● **WORK TO BE COMPLETED**
Which lines of the entries below run from the one holding "Giới thiệu Quạt" to the one holding "Child’s Play is", inclusive? Set down exactly those lines and no others.

● **Items from a dataset**
↓
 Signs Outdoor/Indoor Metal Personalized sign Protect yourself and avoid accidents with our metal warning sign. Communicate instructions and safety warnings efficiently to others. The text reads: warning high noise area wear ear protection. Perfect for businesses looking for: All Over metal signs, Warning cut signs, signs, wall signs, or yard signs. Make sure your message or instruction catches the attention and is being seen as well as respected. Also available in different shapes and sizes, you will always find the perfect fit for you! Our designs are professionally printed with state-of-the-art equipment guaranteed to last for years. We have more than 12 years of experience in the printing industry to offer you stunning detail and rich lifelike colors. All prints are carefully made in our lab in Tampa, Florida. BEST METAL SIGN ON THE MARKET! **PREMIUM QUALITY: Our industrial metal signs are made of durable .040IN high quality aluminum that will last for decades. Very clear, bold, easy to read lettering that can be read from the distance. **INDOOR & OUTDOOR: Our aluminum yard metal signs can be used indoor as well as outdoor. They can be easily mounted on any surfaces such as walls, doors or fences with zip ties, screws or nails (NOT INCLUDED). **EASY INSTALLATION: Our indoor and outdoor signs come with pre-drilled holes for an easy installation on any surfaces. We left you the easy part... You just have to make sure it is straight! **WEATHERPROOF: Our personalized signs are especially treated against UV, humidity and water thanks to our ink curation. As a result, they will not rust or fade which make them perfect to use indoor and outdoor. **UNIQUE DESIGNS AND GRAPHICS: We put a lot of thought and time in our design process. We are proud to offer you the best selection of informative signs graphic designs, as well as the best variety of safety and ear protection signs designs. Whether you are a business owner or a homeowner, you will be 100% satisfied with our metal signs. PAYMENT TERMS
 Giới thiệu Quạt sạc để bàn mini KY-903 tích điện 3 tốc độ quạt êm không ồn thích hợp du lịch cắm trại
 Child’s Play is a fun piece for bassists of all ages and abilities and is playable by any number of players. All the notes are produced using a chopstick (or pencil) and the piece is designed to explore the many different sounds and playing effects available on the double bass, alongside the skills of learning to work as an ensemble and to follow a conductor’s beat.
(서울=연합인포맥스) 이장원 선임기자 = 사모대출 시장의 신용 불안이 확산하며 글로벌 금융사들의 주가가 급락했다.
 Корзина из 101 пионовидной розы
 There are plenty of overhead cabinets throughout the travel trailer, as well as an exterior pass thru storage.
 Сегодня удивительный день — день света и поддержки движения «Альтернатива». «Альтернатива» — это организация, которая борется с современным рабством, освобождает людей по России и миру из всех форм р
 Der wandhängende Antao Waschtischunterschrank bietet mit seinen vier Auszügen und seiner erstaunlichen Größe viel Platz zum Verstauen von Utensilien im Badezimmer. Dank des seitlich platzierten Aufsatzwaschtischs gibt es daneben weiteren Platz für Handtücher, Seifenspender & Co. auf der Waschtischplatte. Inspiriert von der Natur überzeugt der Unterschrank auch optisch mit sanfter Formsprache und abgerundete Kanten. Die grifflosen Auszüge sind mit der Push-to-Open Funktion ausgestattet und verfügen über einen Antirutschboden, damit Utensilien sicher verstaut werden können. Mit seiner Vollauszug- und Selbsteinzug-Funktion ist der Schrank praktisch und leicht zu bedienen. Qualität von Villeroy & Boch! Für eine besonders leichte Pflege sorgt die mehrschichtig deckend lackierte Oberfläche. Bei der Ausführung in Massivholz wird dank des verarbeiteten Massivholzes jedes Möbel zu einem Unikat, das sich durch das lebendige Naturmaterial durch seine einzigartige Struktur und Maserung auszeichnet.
↑
● **YOUR SOLUTION**
 Giới thiệu Quạt sạc để bàn mini KY-903 tích điện 3 tốc độ quạt êm không ồn thích hợp du lịch cắm trại
 Child’s Play is a fun piece for bassists of all ages and abilities and is playable by any number of players. All the notes are produced using a chopstick (or pencil) and the piece is designed to explore the many different sounds and playing effects available on the double bass, alongside the skills of learning to work as an ensemble and to follow a conductor’s beat.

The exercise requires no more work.